Content starts
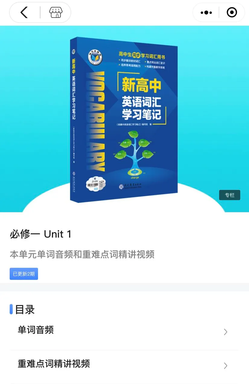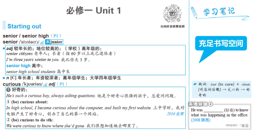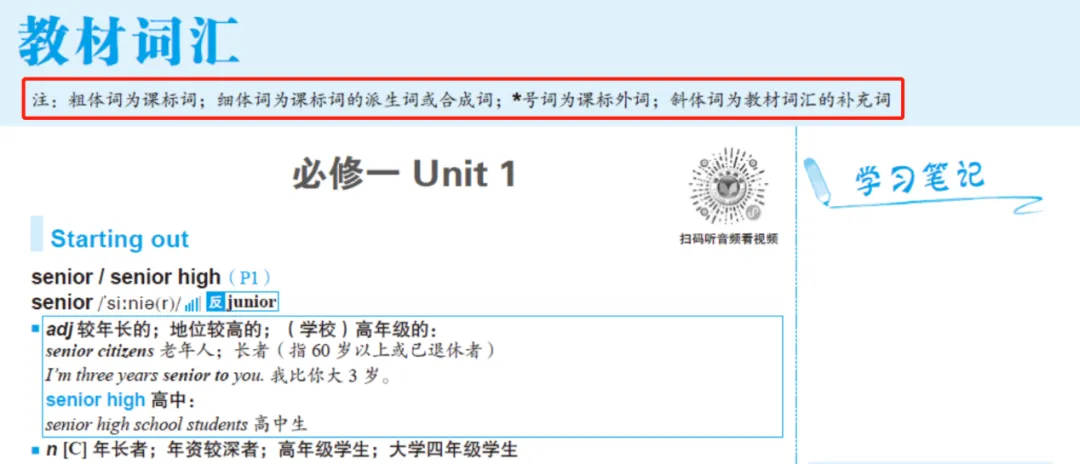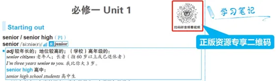 《新高中英语词汇学习笔记》每单元首页附有正版资源专享二维码,扫码即可进入正版资源小程序,“听”本单元单词音频(含中文释义),“看”本单元重难点词讲解视频。随时随地,想学就学。
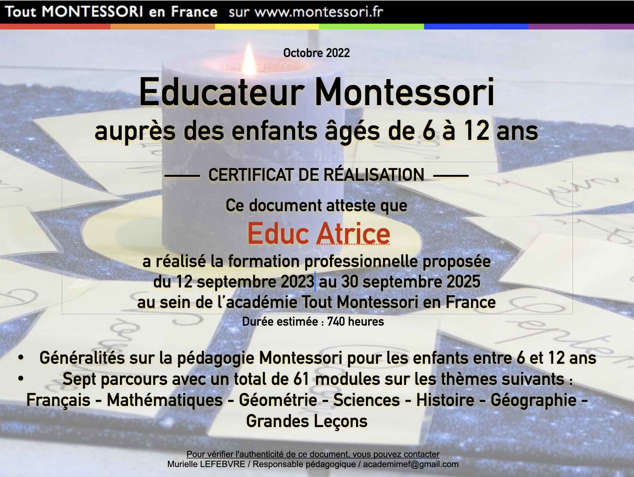 Toutefois, nous sommes conscients que notre offre et notre niveau de prestations ne seront jamais assez convaincants pour certaines personnes. Et, bien que nous mettions en avant de nombreux exemples de nos contenus (voir à https://www.academiemontessori.fr/?page_id=999), certains et certaines se demanderont toujours si nos formations sont “réelles” ?
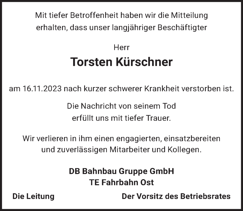 Hier finden Sie alle Traueranzeigen aus der Zeitung, die bisher für Torsten Kürschner erschienen sind. Weitere Traueranzeigen, die in der Zeitung erscheinen, werden hier ebenfalls aufgelistet
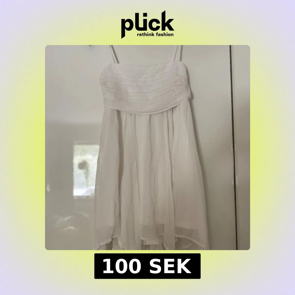 Söt vit klänning med tunna axelband och plisserad överdel. Kjolen är luftig och faller fint, perfekt för varma dagar. Smockad rygg för extra komfort och passform. Stilren och enkel design som passar till många tillfällen. Skriv om fler bilder eller frågor! Kan gå ner i pris💕💕
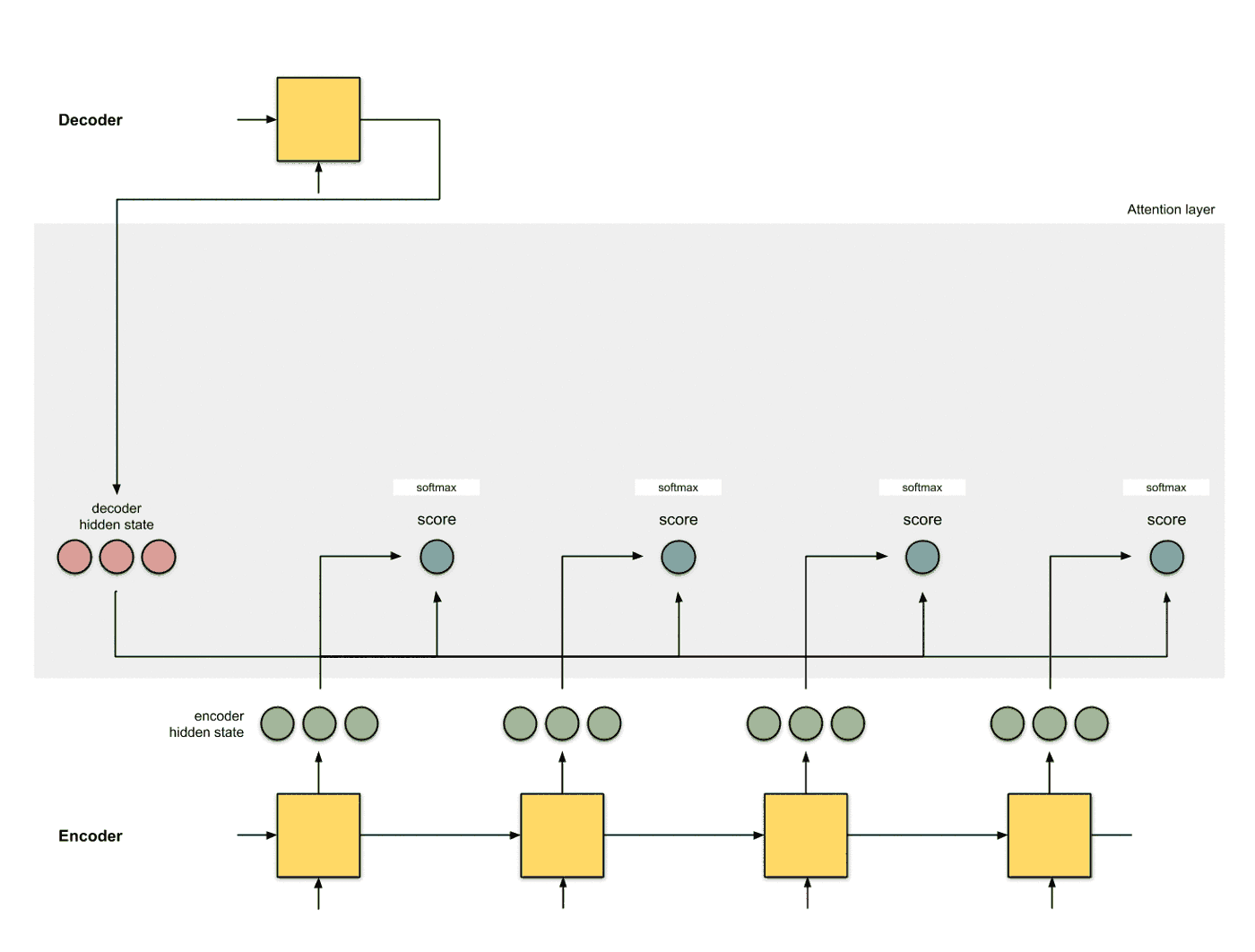 为每个编码器的隐层状态计算一个得分 使用当前编码器的当前时间片的隐层状态和解码器的隐层状态计算一个得分, 得分的计算方式有多种:
Content ends
Output an exact copy of the material, with the pictures removed.

 《新高中英语词汇学习笔记》每单元首页附有正版资源专享二维码,扫码即可进入正版资源小程序,“听”本单元单词音频(含中文释义),“看”本单元重难点词讲解视频。随时随地,想学就学。
 Toutefois, nous sommes conscients que notre offre et notre niveau de prestations ne seront jamais assez convaincants pour certaines personnes. Et, bien que nous mettions en avant de nombreux exemples de nos contenus (voir à https://www.academiemontessori.fr/?page_id=999), certains et certaines se demanderont toujours si nos formations sont “réelles” ?
 Hier finden Sie alle Traueranzeigen aus der Zeitung, die bisher für Torsten Kürschner erschienen sind. Weitere Traueranzeigen, die in der Zeitung erscheinen, werden hier ebenfalls aufgelistet
 Söt vit klänning med tunna axelband och plisserad överdel. Kjolen är luftig och faller fint, perfekt för varma dagar. Smockad rygg för extra komfort och passform. Stilren och enkel design som passar till många tillfällen. Skriv om fler bilder eller frågor! Kan gå ner i pris💕💕
 为每个编码器的隐层状态计算一个得分 使用当前编码器的当前时间片的隐层状态和解码器的隐层状态计算一个得分, 得分的计算方式有多种:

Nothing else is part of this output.